PHOENIX, Arizona: Abortion rights could find their way onto the ballots in November's election in Arizona and Nebraska after organizers in the two states said they turned in far more signatures than required for the measure.

There could be two vital questions in Nebraska. Like the Arizona proposal, the first would add a right to abortion to the state constitution. The other would enshrine Nebraska's current ban on most abortions after 12 weeks of pregnancy.

Election officials of both states need to certify the signatures before they are added to ballots.

Since the U.S. Supreme Court overturned Roe v. Wade in 2022, Democrats have made abortion rights a pivotal message, and it is a critical factor in this year's elections. Arkansas activists are still working towards a July 5 deadline to make the ballot there.

Voters in Colorado, Florida, Maryland, Nevada and South Dakota will decide on the issue this year. Advocates say New York also has a measure to protect abortion access.

In Arizona, organizers said they submitted 823,685 signatures, far more than the 383,923 required from registered voters. Election officials have until August 22 to verify whether they have enough valid signatures and forward them to the Arizona Secretary of State's office.

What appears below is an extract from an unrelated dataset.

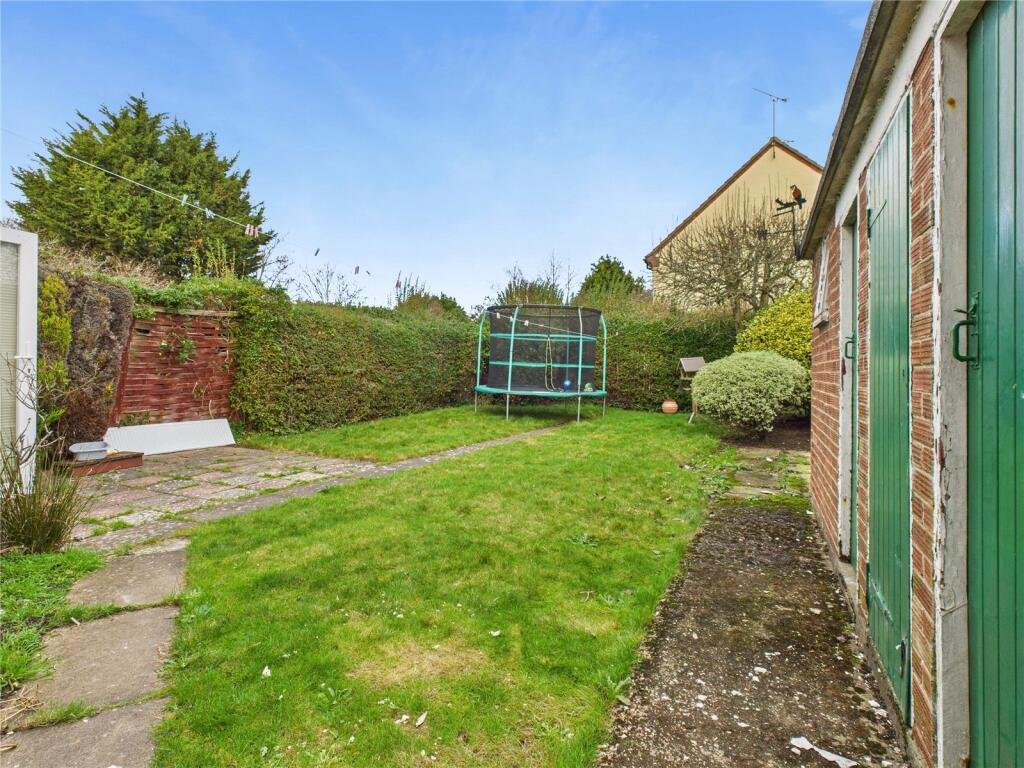 To the rear is an enclosed rear garden with outbuildings, side access to the garage and a gate to the frontage. The front garden is mainly laid to lawn and there is a driveway and single garage.

Since Arizona has a 15-week abortion ban, the amendment would allow abortions until a fetus could survive outside the womb, typically around 24 weeks, with exceptions to save the mother's life or to protect her physical or mental health. The state would be restricted from adopting or enforcing any law prohibiting access to the procedure.

However, opponents say it goes too far and could lead to unlimited and unregulated abortions in Arizona.

In April, the Arizona Supreme Court upheld an 1864 ban that permitted abortions only to save the mother's life and provided no exceptions for survivors of rape or incest. However, the Republican-controlled Legislature voted to repeal the Civil War-era ban, and Democratic Governor Katie Hobbs signed it. Since the U.S. Supreme Court's decision in Dobbs v. Jackson Women's Health Organization that eliminated constitutional protections for abortion, the 19th-century law had been blocked.

The current 15-week ban was signed into law in 2022 and includes exceptions in cases of medical emergencies and restricts medication abortion. It also requires an ultrasound before an abortion and parental consent for minors.

In Nebraska, officials with Protect Our Rights said they managed 207,000 signatures. Organizers of SBA Pro-Life America's competing petition effort said they submitted more than 205,000 signatures.

The state requires more than 123,000 valid signatures - or 10 percent of registered voters to qualify for the ballot.

A third measure may not make the ballot. That one would ban abortion at all stages of pregnancy by deeming embryos as people.